Loading index shards to memory: 100%|██████████| 24/24 [03:26<00:00,  8.59s/shard]


## CIKM pipelines

In [5]:
import pyterrier_colbert.pruning

#CIKM 2021 Approximate Scoring paper: only retrieve 200 candidates for exact re-ranking
ann_pipe = (factory.ann_retrieve_score() % 200) >> factory.index_scorer(query_encoded=True)

#CIKM 2021 query embeddings paper: only keep the 9 tokens with highest ICF
qep_pipe5 = (factory.query_encoder() 
            >> pyterrier_colbert.pruning.query_embedding_pruning(factory, 5) 
            >> factory.set_retrieve(query_encoded=True)
            >> factory.index_scorer(query_encoded=False)
)
qep_pipe9 = (factory.query_encoder() 
            >> pyterrier_colbert.pruning.query_embedding_pruning(factory, 9) 
            >> factory.set_retrieve(query_encoded=True)
            >> factory.index_scorer(query_encoded=False)
)

# a QEP baseline that suppresses [Q], [CLS]] and [MASK] tokens in the query
nocls_nomask_noQ = (factory.query_encoder() 
            >> pyterrier_colbert.pruning.query_embedding_pruning_special(Q=True, CLS=True, MASK=True)
            >> factory.set_retrieve(query_encoded=True)
            >> factory.index_scorer(query_encoded=False)
)

[Sep 30, 09:10:01] #> Building the emb2tid mapping..
687989391
Computing collection frequencies
Done
Loading doclens


## Experiment on TREC 2019

In [6]:
from pyterrier.measures import *
pt.Experiment(
    [
        e2e,
        ann_pipe,
        nocls_nomask_noQ,
        qep_pipe5,
        qep_pipe9
    ],
    *pt.get_dataset("msmarco_passage").get_topicsqrels("test-2019"),
    eval_metrics=[RR(rel=2)@100, nDCG@10, nDCG@100, AP(rel=2)@100, NumRet, "mrt", "num_q"],
    names=["ColBERT E2E", "Approx", "NoMASK NoCLS NoQ", "QEP 5 embs", "QEP 9 embs"],
)

Unnamed: 0,name,RR(rel=2)@100,nDCG@10,nDCG@100,AP(rel=2)@100,NumRet,num_q,mrt
0,ColBERT E2E,0.852713,0.693407,0.602398,0.386779,309698.0,43.0,671.341082
1,Approx,0.870155,0.684195,0.534308,0.349277,8600.0,43.0,180.961294
2,NoMASK NoCLS NoQ,0.853488,0.693194,0.602279,0.38551,187493.0,43.0,414.449386
3,QEP 5 embs,0.853488,0.695987,0.606343,0.389748,140232.0,43.0,342.59989
4,QEP 9 embs,0.853488,0.693194,0.602088,0.385421,209672.0,43.0,432.3805


Observations:
 - All four approaches result in good effectiveness (e.g.
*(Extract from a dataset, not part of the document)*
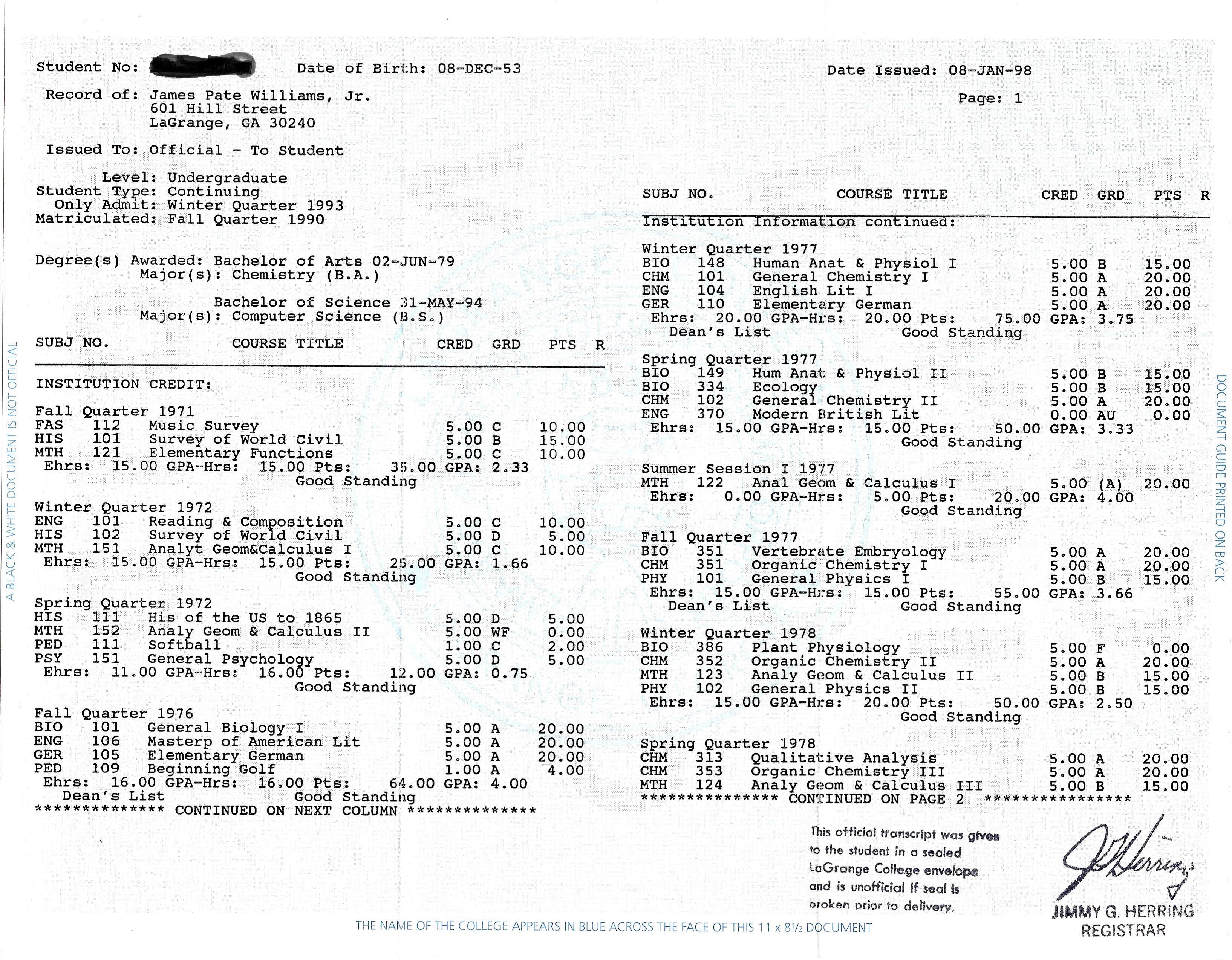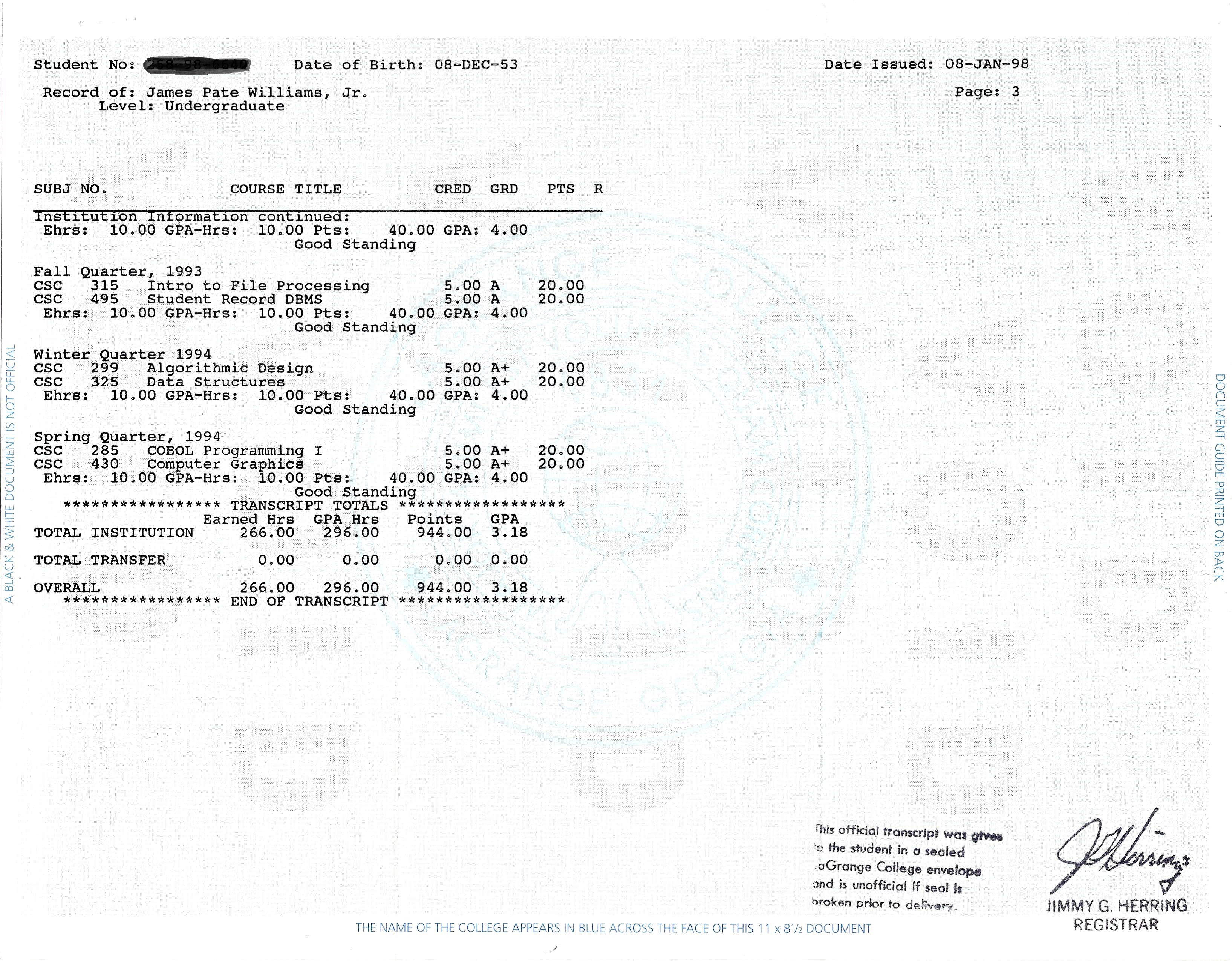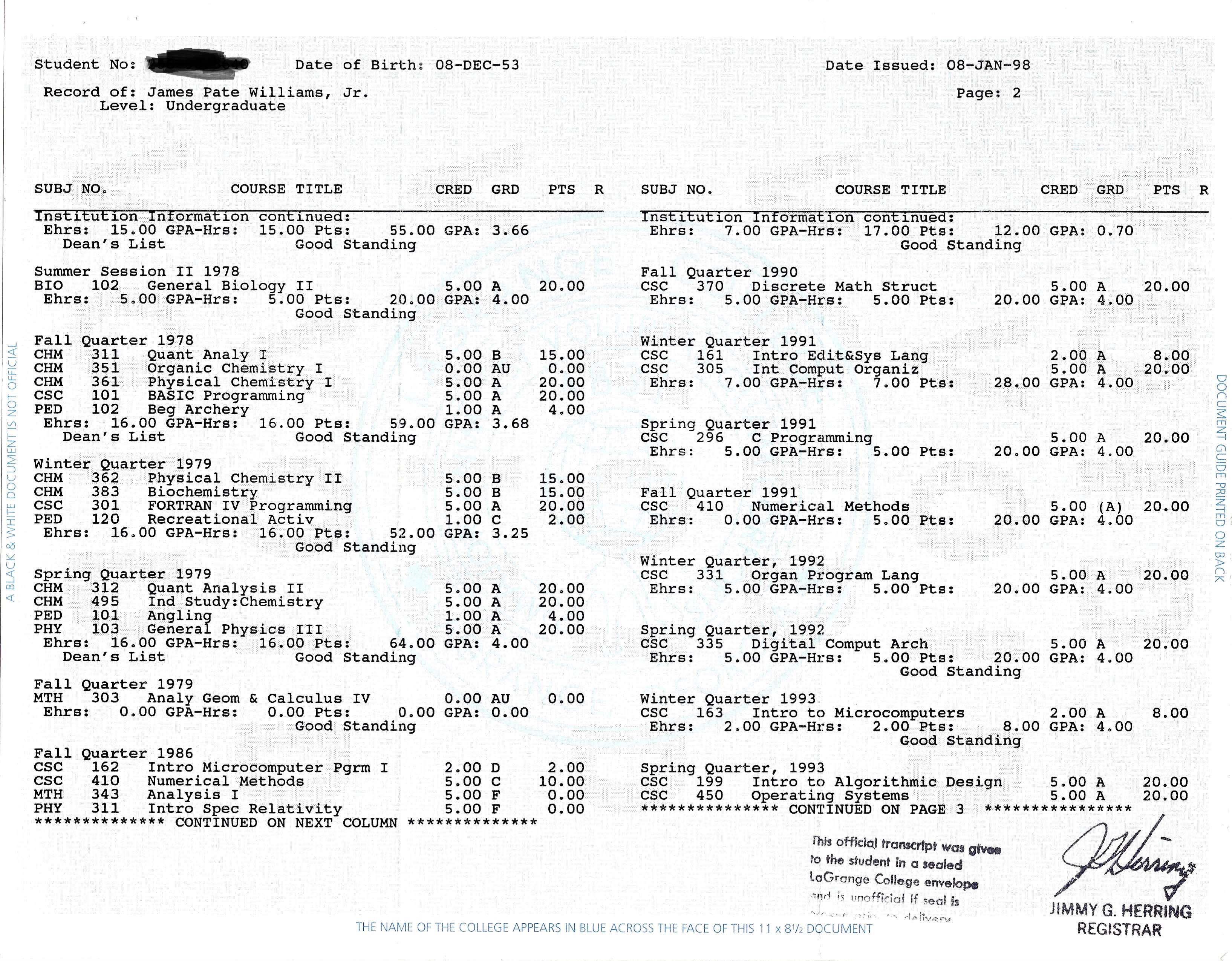 I returned to LaGrange College in the Spring Quarter of 1990. I graduated on June 2, 1994 with a Bachelor of Science in Computer Science. I had a 4.00 out of 4.00 in all my computer classes from 1990 until 1994.

MRR, nDCG@10) while reducing then number of retrieved documents
 - In particular, Approx only retrieved 2% of the documents that E2E does, while enhancing MRR, and very small reduction in nDCG@10 (0.69 -> 0.68).
 - By applying QEP to reduce the 32 query embeddings to just 5 results in no real difference in MRR, NDCG@10, NDCG@10 and even MAP, while reducing by 50% the number of retrieved documents.
 

## Summary

Both papers propose methods to adapt ColBERT's dense retrieval pipeline to be more efficient without markedly reducing effectiveness. Further results and significance tests are provided in the respective papers.